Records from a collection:
Content starts
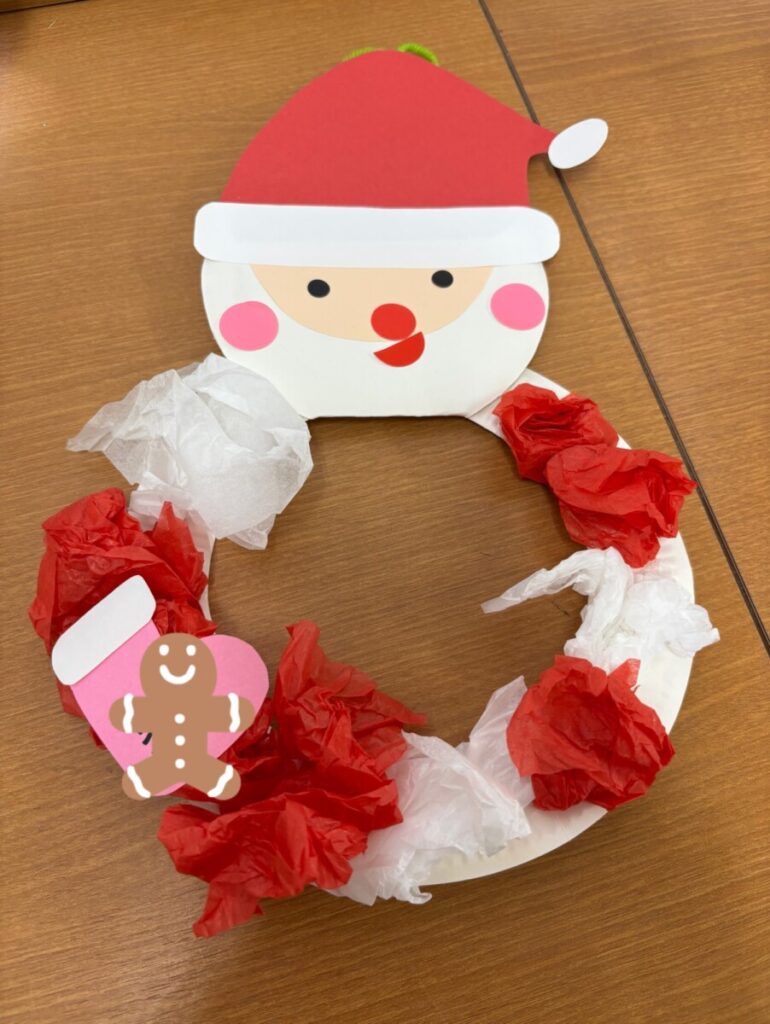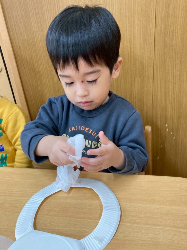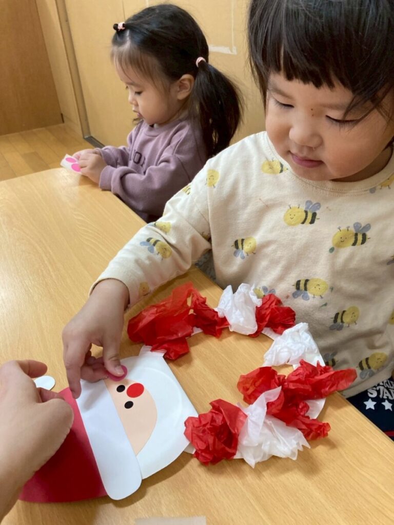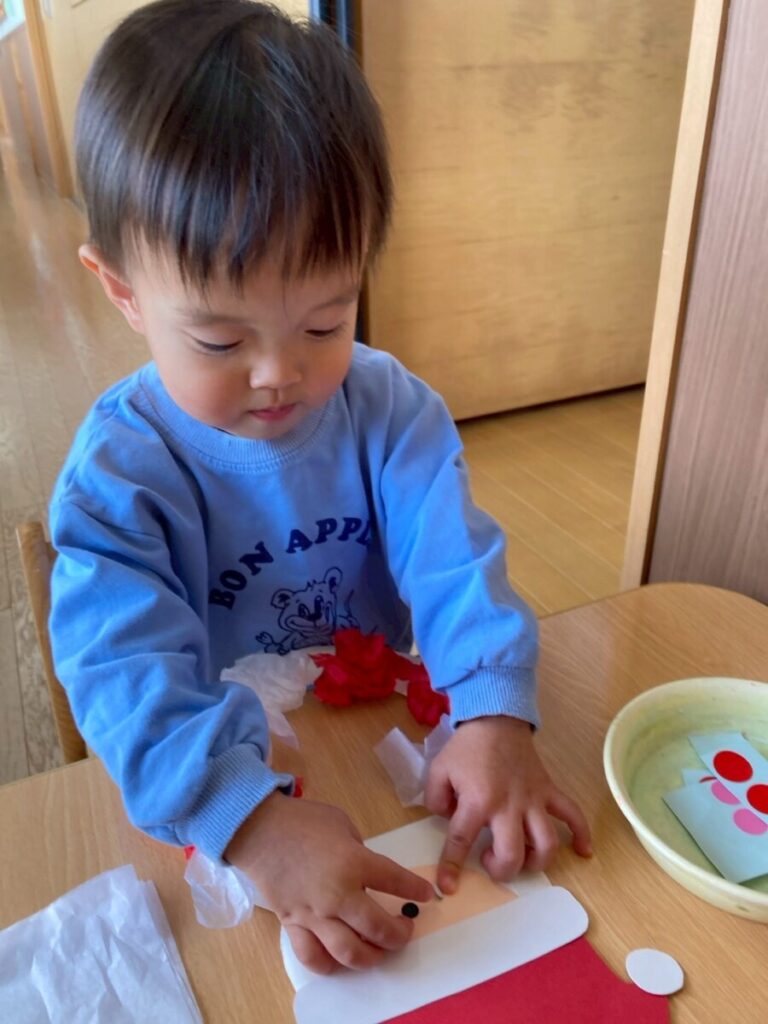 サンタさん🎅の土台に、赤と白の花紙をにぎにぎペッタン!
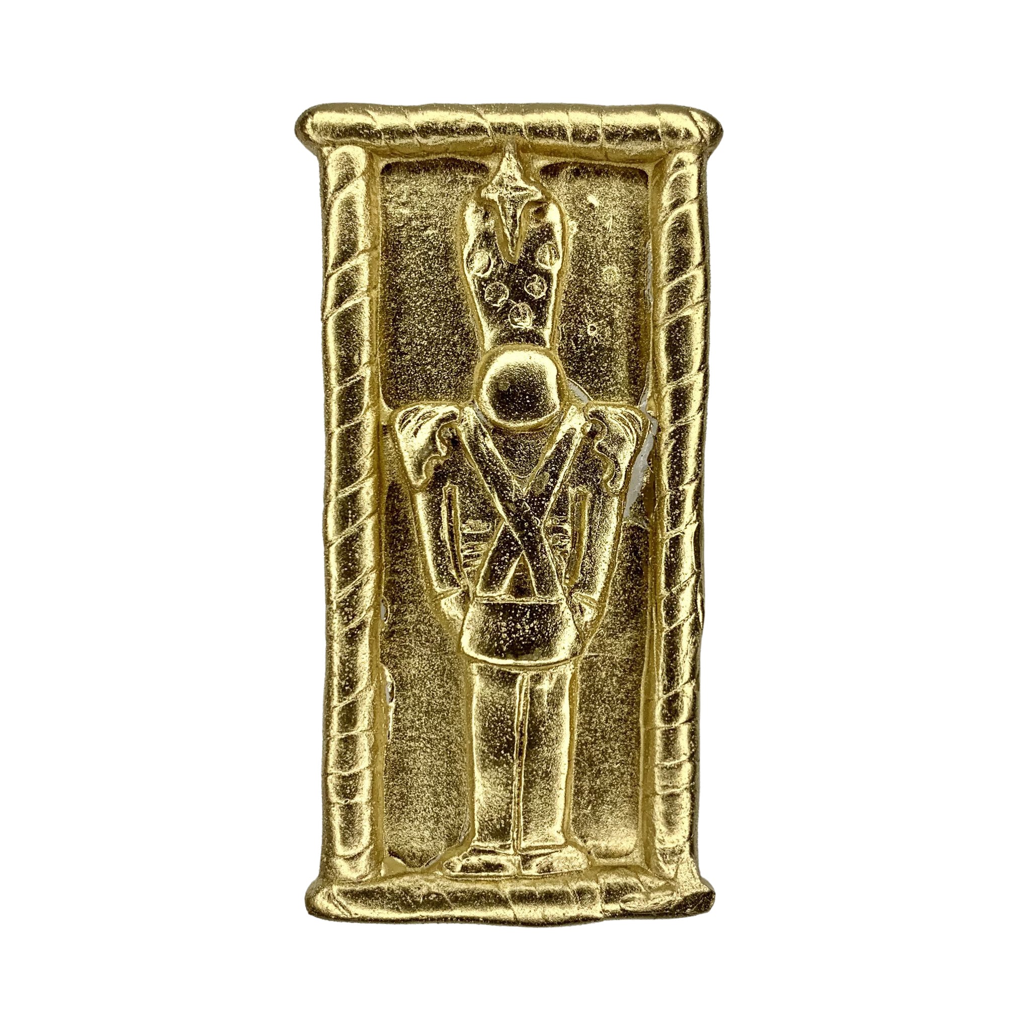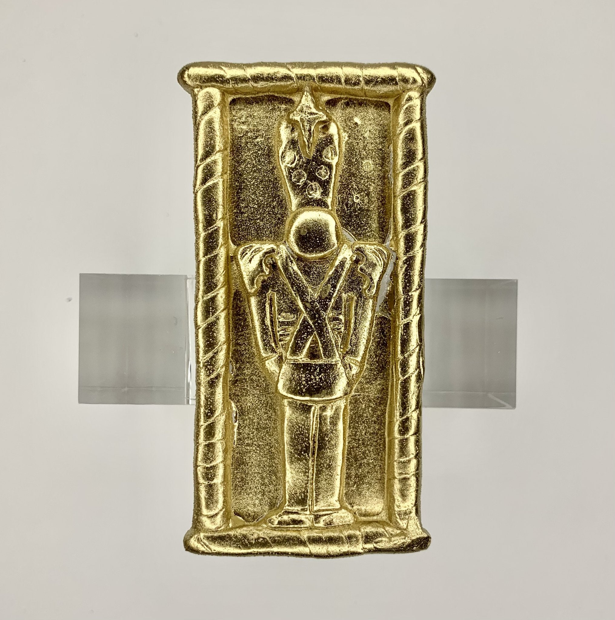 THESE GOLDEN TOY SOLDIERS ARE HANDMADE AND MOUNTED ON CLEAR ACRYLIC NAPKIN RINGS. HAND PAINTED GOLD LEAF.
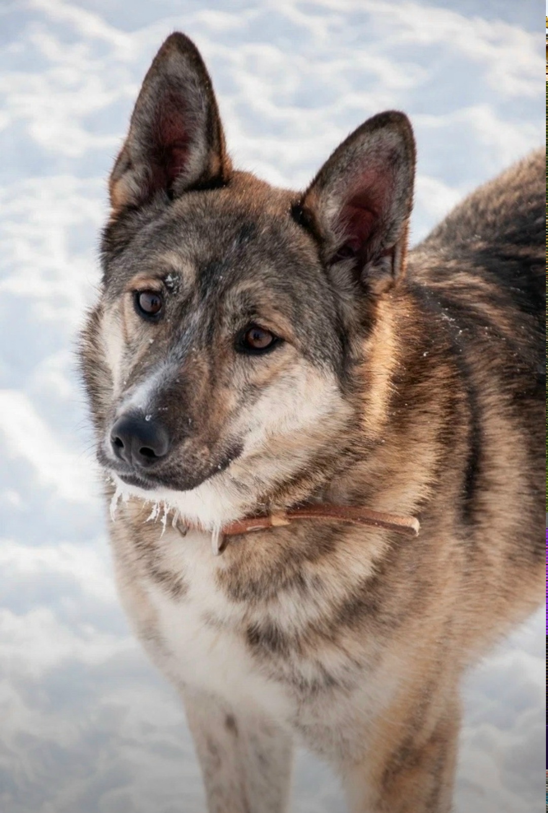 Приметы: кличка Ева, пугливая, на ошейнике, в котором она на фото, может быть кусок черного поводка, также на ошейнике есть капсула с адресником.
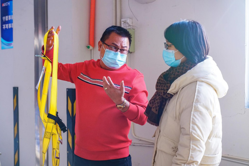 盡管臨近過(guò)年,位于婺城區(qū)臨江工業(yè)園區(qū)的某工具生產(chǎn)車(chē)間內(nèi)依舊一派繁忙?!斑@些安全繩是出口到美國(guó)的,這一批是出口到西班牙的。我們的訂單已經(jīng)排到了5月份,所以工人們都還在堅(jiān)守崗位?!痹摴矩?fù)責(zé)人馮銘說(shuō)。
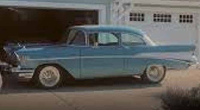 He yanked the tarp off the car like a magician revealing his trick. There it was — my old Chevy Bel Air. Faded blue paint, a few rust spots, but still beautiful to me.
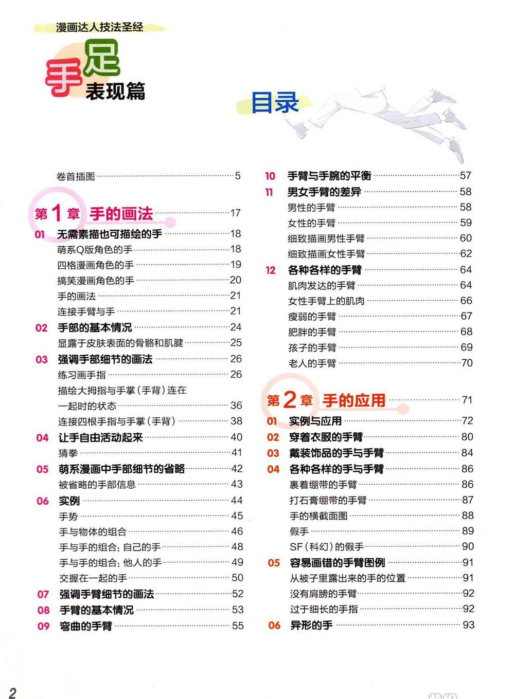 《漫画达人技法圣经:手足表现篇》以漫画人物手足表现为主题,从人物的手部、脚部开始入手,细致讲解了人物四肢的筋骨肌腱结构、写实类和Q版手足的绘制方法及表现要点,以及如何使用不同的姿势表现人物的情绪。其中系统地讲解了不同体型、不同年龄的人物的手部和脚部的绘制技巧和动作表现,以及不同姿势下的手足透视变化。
Content ends
- [WHAT YOU HAVE TO DO]:
Excluding the pictures, restate word for word the lines from the one that holds "Приметы: кличка Ева, пугливая, на" through the last line of the entries, both ends included.

- [ANSWER AREA]:
 Приметы: кличка Ева, пугливая, на ошейнике, в котором она на фото, может быть кусок черного поводка, также на ошейнике есть капсула с адресником.
 盡管臨近過(guò)年,位于婺城區(qū)臨江工業(yè)園區(qū)的某工具生產(chǎn)車(chē)間內(nèi)依舊一派繁忙?!斑@些安全繩是出口到美國(guó)的,這一批是出口到西班牙的。我們的訂單已經(jīng)排到了5月份,所以工人們都還在堅(jiān)守崗位?!痹摴矩?fù)責(zé)人馮銘說(shuō)。
 He yanked the tarp off the car like a magician revealing his trick. There it was — my old Chevy Bel Air. Faded blue paint, a few rust spots, but still beautiful to me.
 《漫画达人技法圣经:手足表现篇》以漫画人物手足表现为主题,从人物的手部、脚部开始入手,细致讲解了人物四肢的筋骨肌腱结构、写实类和Q版手足的绘制方法及表现要点,以及如何使用不同的姿势表现人物的情绪。其中系统地讲解了不同体型、不同年龄的人物的手部和脚部的绘制技巧和动作表现,以及不同姿势下的手足透视变化。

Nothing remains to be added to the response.